#### GOAL OF THE EXERCISE
In the material below, find the line with "Maya BayFinal and" and the line with "Keep cherished memories", then output both and every line between them exactly, omitting pictures.

#### DATA SECTION
----

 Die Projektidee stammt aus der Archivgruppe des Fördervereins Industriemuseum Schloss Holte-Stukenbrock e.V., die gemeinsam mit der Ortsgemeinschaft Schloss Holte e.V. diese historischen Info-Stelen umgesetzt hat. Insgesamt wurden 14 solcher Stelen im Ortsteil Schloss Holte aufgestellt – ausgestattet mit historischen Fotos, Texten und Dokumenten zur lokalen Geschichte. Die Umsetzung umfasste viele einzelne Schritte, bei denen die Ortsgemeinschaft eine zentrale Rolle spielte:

----

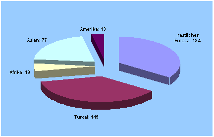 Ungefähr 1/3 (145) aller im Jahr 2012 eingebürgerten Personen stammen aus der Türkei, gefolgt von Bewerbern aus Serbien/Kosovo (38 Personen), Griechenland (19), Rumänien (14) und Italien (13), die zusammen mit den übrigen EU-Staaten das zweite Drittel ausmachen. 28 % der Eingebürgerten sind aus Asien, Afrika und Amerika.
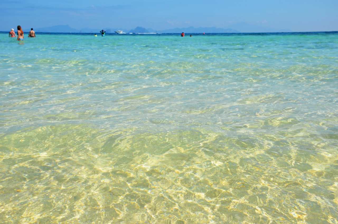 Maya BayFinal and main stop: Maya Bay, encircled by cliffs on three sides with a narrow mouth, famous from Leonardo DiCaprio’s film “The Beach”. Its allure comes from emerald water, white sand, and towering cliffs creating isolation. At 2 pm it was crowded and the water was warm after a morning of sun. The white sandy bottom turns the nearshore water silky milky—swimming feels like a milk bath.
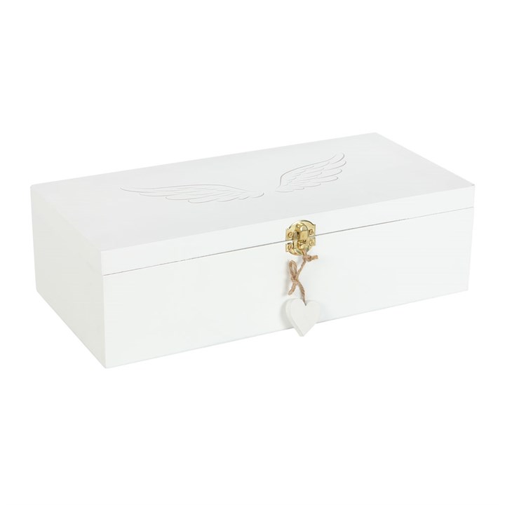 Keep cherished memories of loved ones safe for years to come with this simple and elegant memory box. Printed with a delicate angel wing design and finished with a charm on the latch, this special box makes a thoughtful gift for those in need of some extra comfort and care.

----

#### ANSWER FOR THE TASK
 Maya BayFinal and main stop: Maya Bay, encircled by cliffs on three sides with a narrow mouth, famous from Leonardo DiCaprio’s film “The Beach”. Its allure comes from emerald water, white sand, and towering cliffs creating isolation. At 2 pm it was crowded and the water was warm after a morning of sun. The white sandy bottom turns the nearshore water silky milky—swimming feels like a milk bath.
 Keep cherished memories of loved ones safe for years to come with this simple and elegant memory box. Printed with a delicate angel wing design and finished with a charm on the latch, this special box makes a thoughtful gift for those in need of some extra comfort and care.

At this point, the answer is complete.